Unnamed: 0,Arrest Date,Time,Area Name,Age,Sex Code,Descent Code,Arrest Type Code,Charge Description,lat,long,disp_0.5_mile,disp_1_mile,school_0.5_mile,school_1_mile,target
0,2015-01-01,1610.0,Southeast,19,M,B,M,possess 28.5 grams or less of marijuana**,33.9456,-118.2739,1,2,5,16,0
1,2015-01-01,820.0,Hollywood,23,M,B,F,transport/sell/furnish/etc marijuana,34.1016,-118.3387,0,5,2,4,1
2,2015-01-02,1030.0,Pacific,24,F,W,F,transport/sell/furnish/etc marijuana,33.992,-118.4201,1,2,5,9,1
3,2015-01-02,1530.0,Pacific,30,M,O,F,possession marijuana for sale,33.944,-118.4073,0,1,0,0,1
4,2015-01-03,1940.0,Southwest,26,M,H,F,transport/sell/furnish/etc marijuana,34.026,-118.3652,0,1,2,5,1


### Train Test Split

In [37]:
X = arrests.drop(['Arrest Date','Charge Description','target','disp_0.5_mile','school_0.5_mile'],1)

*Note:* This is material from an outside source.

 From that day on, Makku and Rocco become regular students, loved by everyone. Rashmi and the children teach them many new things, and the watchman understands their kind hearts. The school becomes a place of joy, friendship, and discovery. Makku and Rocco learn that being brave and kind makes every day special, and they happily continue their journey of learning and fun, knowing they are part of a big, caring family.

# creating dummy variables for sex, descent, and arrest type code
X = pd.get_dummies(X)
y = arrests['target']

X_train, X_test, y_train, y_test = train_test_split(X, y, random_state = 42, stratify = y)

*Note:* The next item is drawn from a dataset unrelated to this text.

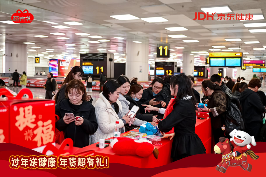 京東旅行攜手京東健康“超有禮”IP在此次年貨節(jié)中,通過全鏈路航空場景營銷實(shí)現(xiàn)了品牌與用戶的深度互動,圍繞“機(jī)場快閃—主題登機(jī)口—主題航班—行李傳送帶驚喜事件”構(gòu)建貫穿出行始終的品牌體驗(yàn)閉環(huán),以創(chuàng)新的事件組合與場景融入,將健康關(guān)懷自然嵌入用戶春運(yùn)旅程。這一策略高度適配春節(jié)出行場景,不僅精準(zhǔn)觸達(dá)返鄉(xiāng)、探親、商旅等多類用戶群體,更通過具象化的健康禮品派發(fā)、溫情驚喜體驗(yàn)等,持續(xù)強(qiáng)化“春節(jié)送健康禮”的消費(fèi)心智,成功將健康禮贈塑造為新年問候的情感載體與品質(zhì)之選。

### Fitting Random Forest Classifier

In [38]:
# Fitting the Random Forest Classifier

rf = RandomForestClassifier()
rf.fit(X_train, y_train)

# train score
train_accuracy = rf.score(X_train, y_train)
print(f'Random Forest Train Accuracy: {round(train_accuracy,2)}')

# test score
test_accuracy = rf.score(X_test, y_test)
print(f'Random Forest Test Accuracy: {round(test_accuracy,2)}')

Random Forest Train Accuracy: 0.99
Random Forest Test Accuracy: 0.92


### Fitting AdaBoost Classifier

In [39]:
ada = AdaBoostClassifier()
ada.fit(X_train, y_train)
print(f'AdaBoost Train Accuracy score: {ada.score(X_train,y_train)}')
print(f'AdaBoost Test Accuracy score: {ada.score(X_test,y_test)}\n')

AdaBoost Train Accuracy score: 0.8845043310875842
AdaBoost Test Accuracy score: 0.9008662175168431



### Fitting Support Vector Classifier

In [40]:
svc = SVC()
svc.fit(X_train, y_train)
print(f'Support Vector Classifier Train Accuracy score: {svc.score(X_train,y_train)}')
print(f'Support Vector Classifier Test Accuracy score: {svc.score(X_test,y_test)}')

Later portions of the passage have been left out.